Good Medical Practice

In Good Medical Practice  the terms ‘you must’ and ‘you should’ are used in the following ways: ‘You must’ is used for an overriding duty or principle. ‘You should’ is used when we are providing an explanation of how you will meet the overriding duty. Patients must be able to trust doctors with their lives and health. To justify that trust you must show respect for human life and you must: Make the care of your patient your first concern, Work with colleagues in the ways that best serve patients’ interests, Treat patients as individuals and respect their dignity, Listen to patients and respond to their concerns and preferences. Give patients the information they want or need in a way they can understand. Be honest and open and act with integrity. Never discriminate unfairly against patients or colleagues

You are personally accountable for your professional practice and must always be prepared to justify your decisions and actions.

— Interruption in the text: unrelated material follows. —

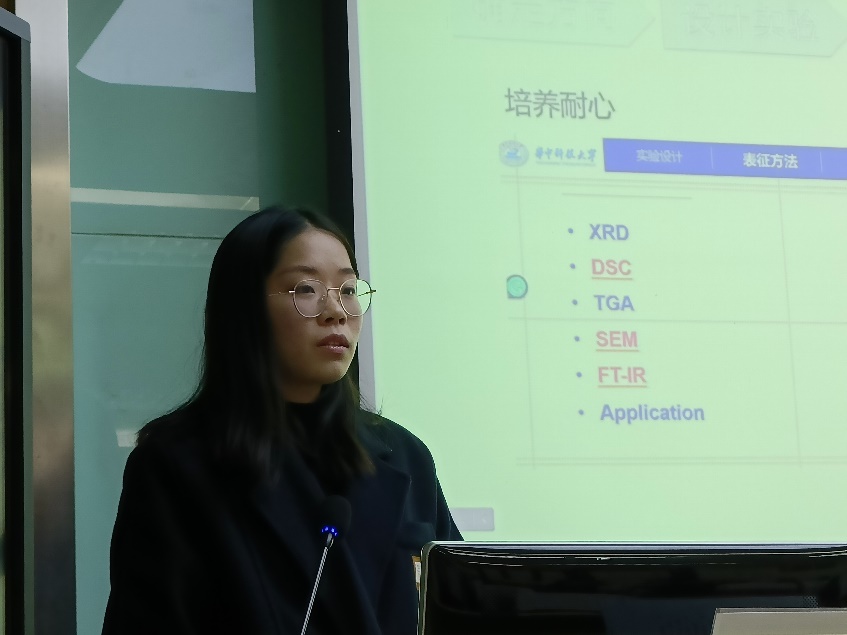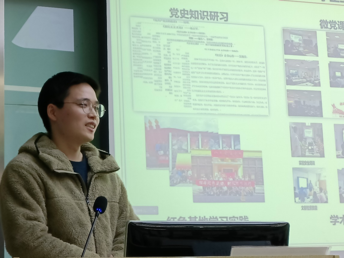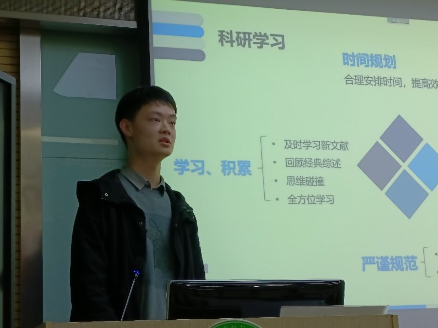 陳振賢以科研.生活6+1為題展開,首先從學生工作以及課外生活做了介紹。研究生生活不應該只有學術,同樣可以玩出強大。在就職黨支部書記時,組織參與了多種形式組織生活,微黨課論講,紅色基地實踐等活動;在暑期時,借助學校喻竹計劃平臺積極進行暑期實踐等等,向我們展示了不一樣的研究生生活。

Good Clinical Care must include adequately assessing the patient’s conditions, taking account of the history (including the symptoms, and psychological and social factors), the patient’s views, keep clear, accurate and legible records, reporting the relevant clinical findings, the decisions made, the information given to patients, and any drugs prescribed or other investigation or treatment. You should encourage patients and the public to take an interest in their health and to take action to improve and maintain it. This may include advising patients on the effects of their life choices on their health and well-being and the possible outcomes of their treatments.

Wherever possible, you should avoid providing medical care to anyone with whom you have a close personal relationship.

The investigations or treatment you provide or arrange must be based on the assessment you and the patient make of their needs and priorities, and on your clinical judgement about the likely effectiveness of the treatment options. You must not refuse or delay treatment because you believe that a patient’s actions have contributed to their condition. You must treat your patients with respect whatever their life choices and beliefs. You must not unfairly discriminate against them by allowing your personal views to affect adversely your professional relationship with them or the treatment you provide or arrange. You should challenge colleagues if their behaviour does not comply with this guidance

Whatever the context in which medical decisions are made, you must work in partnership with your patients to ensure good care. In so doing, you must listen to patients and respect their views about their health, discuss with patients what their diagnosis, prognosis, treatment and care involve, share with patients the information they want or need in order to make decisions.

For a relationship between doctor and patient to be effective, it should be a partnership based on openness, trust and good communication.  Each person has a role to play in making decisions about treatment or care.

Dr RB John DID NONE of the above and YET NHS Wales say he is exemplary. Yet his ONLY response was “I do not remember” and this was allowed as his “professional response”

Dr G K should also read the above as should Dr R L. Both of C Surgery, Neath. I also link to Referring a doctor to the GMC – a guide for health professionals. So now my sister, Dr K E J, should have known what she SHOULD have done in 1998.